Frequently Asked Questions
Do I need a cybersecurity background to follow Sandworm?
No. Greenberg writes for a general audience and explains technical concepts, malware behavior, network intrusion, supply chain attacks, in plain language. The book is more geopolitical thriller than technical manual. Security professionals will find the detail satisfying, but the core narrative is accessible without any background.
How does Sandworm relate to the Russia-Ukraine conflict?
The book predates the 2022 full-scale invasion but is essential context for it. Greenberg documents how Russia used Ukraine as a live testing environment for cyberweapons starting in 2015, treating Ukrainian infrastructure as a proving ground. The patterns he identifies remained active after the book’s publication.
Is the audiobook complete, or does it lose technical depth compared to the print edition?
The audiobook is the full text. There are no diagrams or charts in Sandworm that are essential to following the argument, Greenberg builds his case through narrative and interview rather than visual aids, so nothing important is lost in audio format. Mark Bramhall’s narration actually helps with the flow of dense technical passages.

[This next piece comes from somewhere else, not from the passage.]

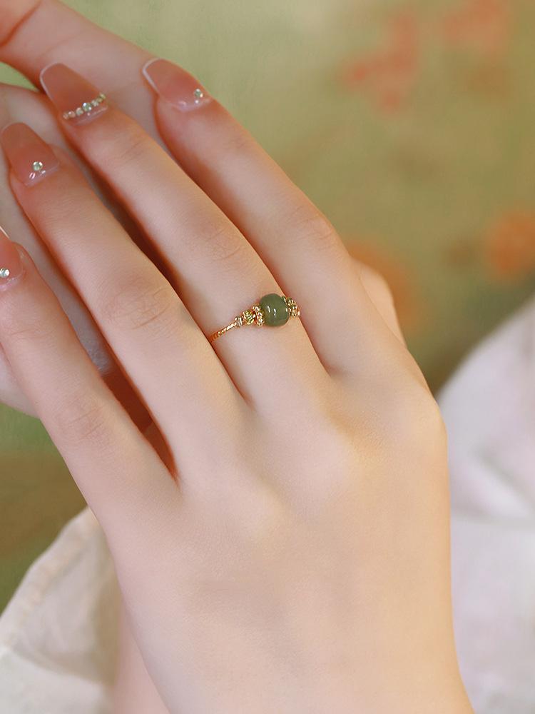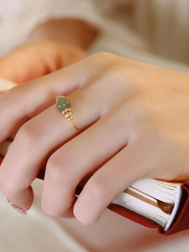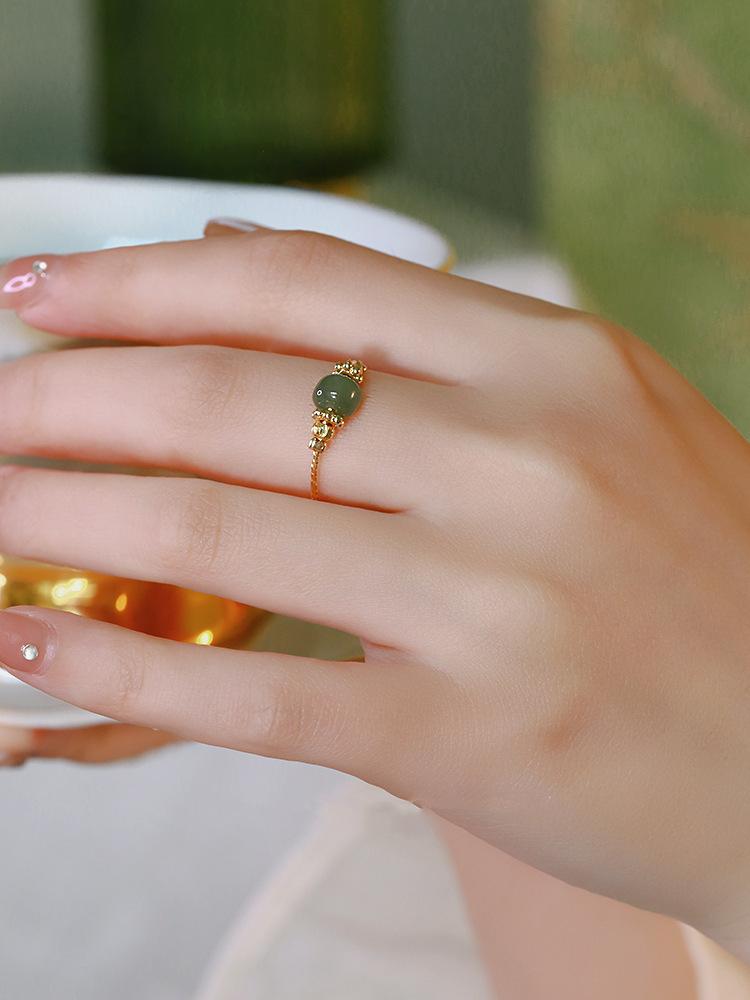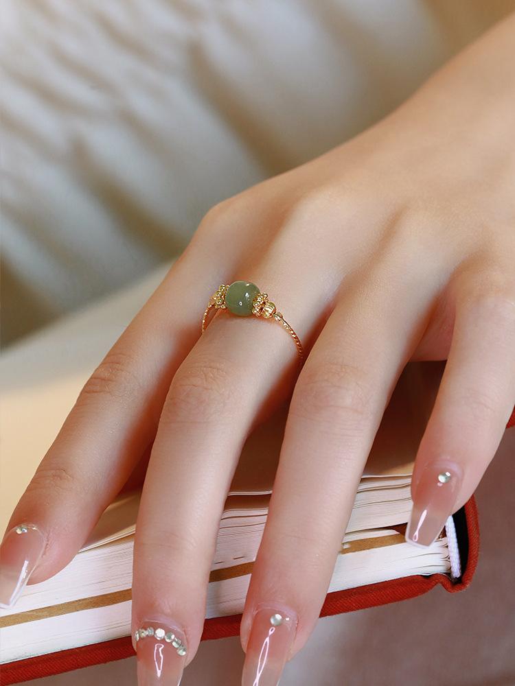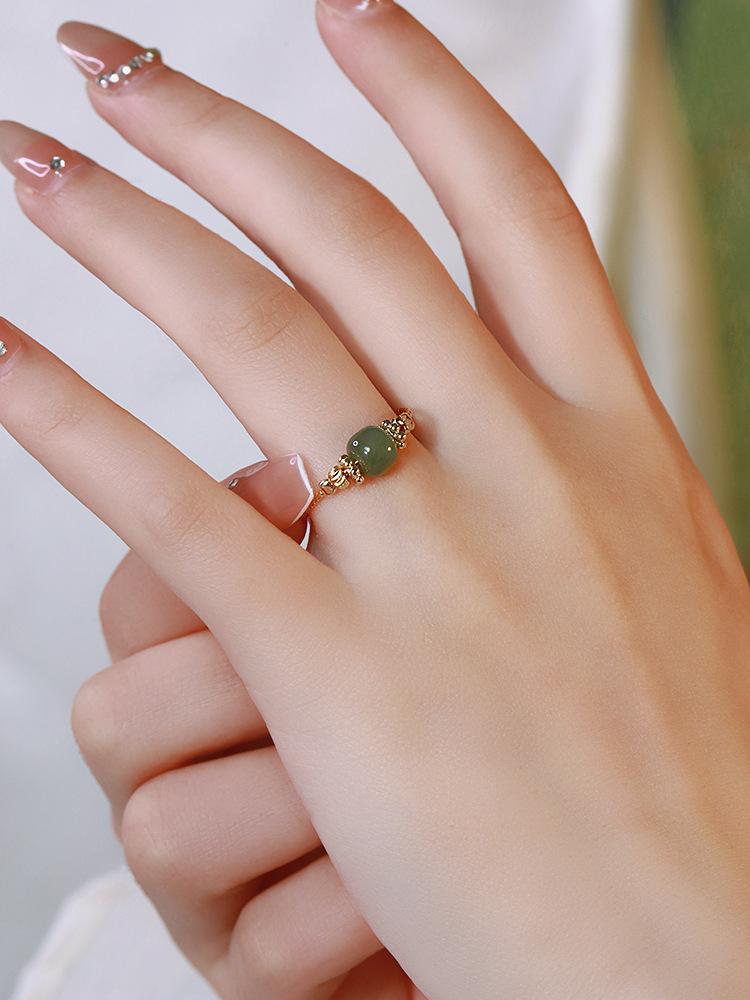 Anillo de Jade Hetian para Mujer Boca Viva Ajustable Anillo de Dedo Línea de Flor de Coche Antiguo Dulce Moda Femenina Pulsera Combinable

How does this compare to other landmark cybersecurity books like The Cuckoo’s Egg or Countdown to Zero Day?
Kim Zetter’s Countdown to Zero Day covers Stuxnet and is the natural predecessor. Sandworm picks up roughly where that book leaves off, moving from sabotage of Iranian nuclear infrastructure to full-scale attacks on civilian power grids and global shipping. The Cuckoo’s Egg is an earlier benchmark from a different era of hacking. Sandworm is the most current and highest-stakes of the three.